Quite a bit of reading here, but it's worth it for those who take an interest in the law and the truth. (To save space I omitted numerous legal footnotes.)

"At the January 2000 trial, the court heard from five witnesses who recounted past comments by Ms. Schiavo ostensibly relating to her end-of-life preferences. Two witnesses, Mary Schindler (Ms. Schiavo’s mother) and Diane Meyer (Ms. Schiavo’s childhood friend) testified that, based on conversations with Ms. Schiavo about the widely publicized Quinlan case (involving a dispute about termination of life sustaining measures), they believed that Ms. Schiavo would not, under the circumstances, elect to decline artificial nutrition and hydration.43 An additional witness, Jackie Rhodes, testified that in the many times she and Ms. Schiavo had visited her grandmother in a nursing home, Ms. Schiavo never expressed to her that she would wish to decline artificial nutrition and hydration were she ever to fall into a profoundly dependent condition. Three witnesses: Michael Schiavo, Scott Schiavo (Mr. Schiavo’s brother), and Joan Schiavo (Mr. Schiavo’s sister-in-law) testified that Ms. Schiavo had, at various times, expressed her desire to decline life sustaining measures under certain circumstances.

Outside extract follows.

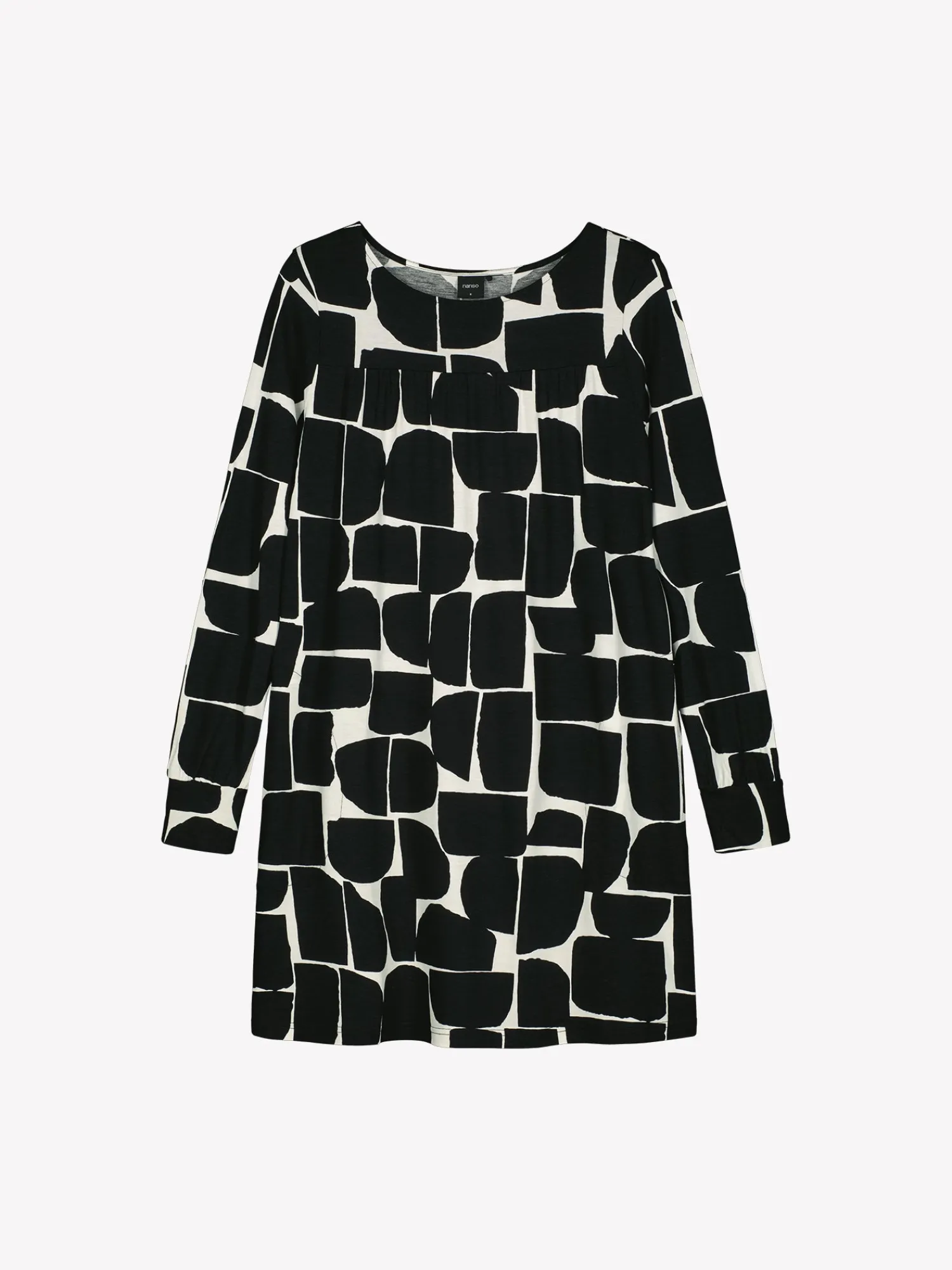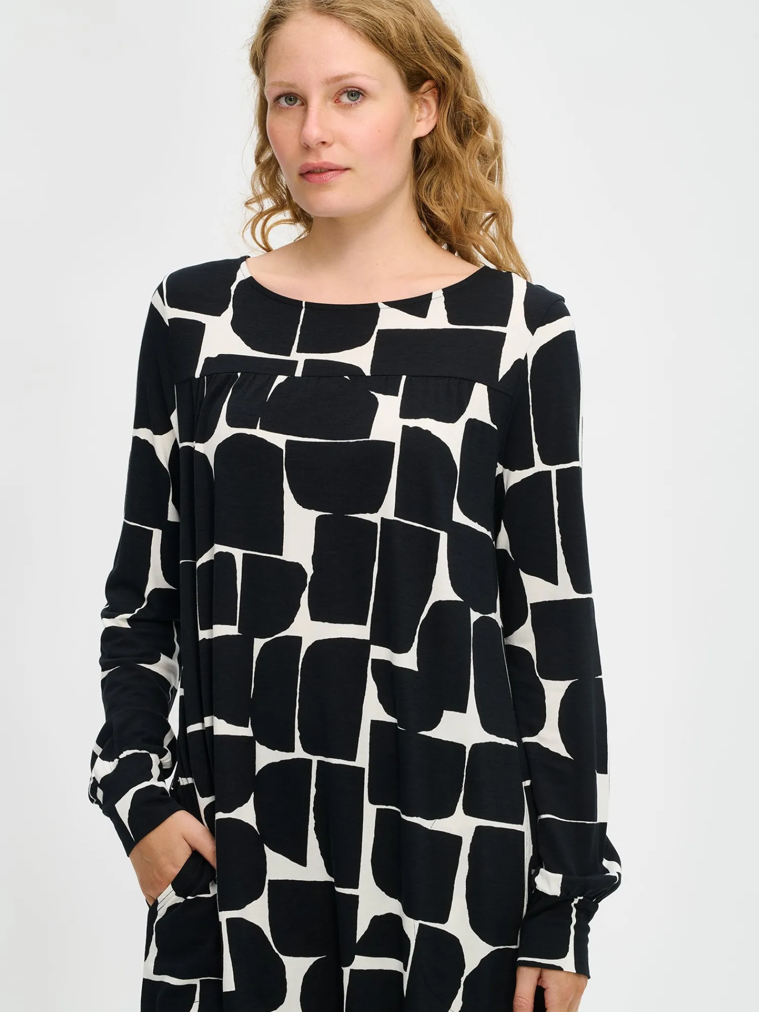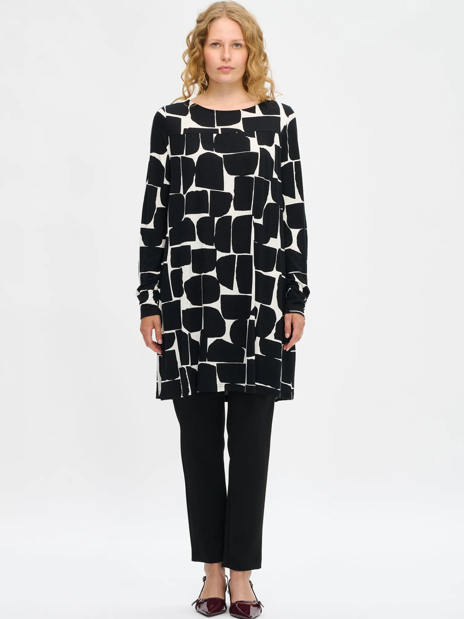 Naisten kuosillinen Muuri-tunika. Väljä helmaisessa tunikassa on kantilla huoliteltu pyöreä pääntie, kaarrokkeen leikkaussaumassa poimutusta ja sivuissa taskut. Tunikan täyspitkät hihat poimuttuvat kauniisti hihansuun kaitaleiden yläpuolelle. Tunikan pituus koossa M on noin 85 cm. Kauniisti laskeutuvan tunikan materiaali on laadukasta ja miellyttävän tuntuista viskoosi-elastaani-neulosta. Viskoosineulos on sähköistymätöntä ja helppohoitoista. Tuote on valmistettu LENZING™ ECOVERO™ -viskoosista. Materiaalille on ominaista 3-5% kutistuminen ensimmäisessä pesussa.

"In making its decision, the court discounted the testimony of Rhodes, Schindler, and Meyer. Judge Greer deemed the Schindler testimony to be unreliable based on his understanding that Ms. Schiavo’s comments weremade in 1976 (the year in which Judge Greer thought Ms. Quinlan had died), when Ms. Schiavo was only 11 or 12 years of age.44 In fact, Judge Greer’s understanding of the Quinlan chronology was mistaken -- Karen Ann Quinlan died in 1985, which would suggest that Ms. Schiavo’s remarks could have been made when she was between the ages of seventeen and twenty (as Ms. Schindler had originally asserted at the hearing). Similarly, Judge Greer discounted the Meyer testimony based on the same error; he regarded Meyer’s testimony as uncredible because Meyer implied that Karen Quinlan was still alive in 1982.45 Judge Greer was “mystified” by Meyer’s testimony, and concluded that the conversation must have taken place in the 1970s, when Ms. Schiavo was a child.46 But this, of course, was not necessarily so. Thus, Judge Greer discounted evidence that Ms. Schiavo would not choose to decline artificial nutrition and hydration, based in significant part, on an easily verifiable factual error about a historical event.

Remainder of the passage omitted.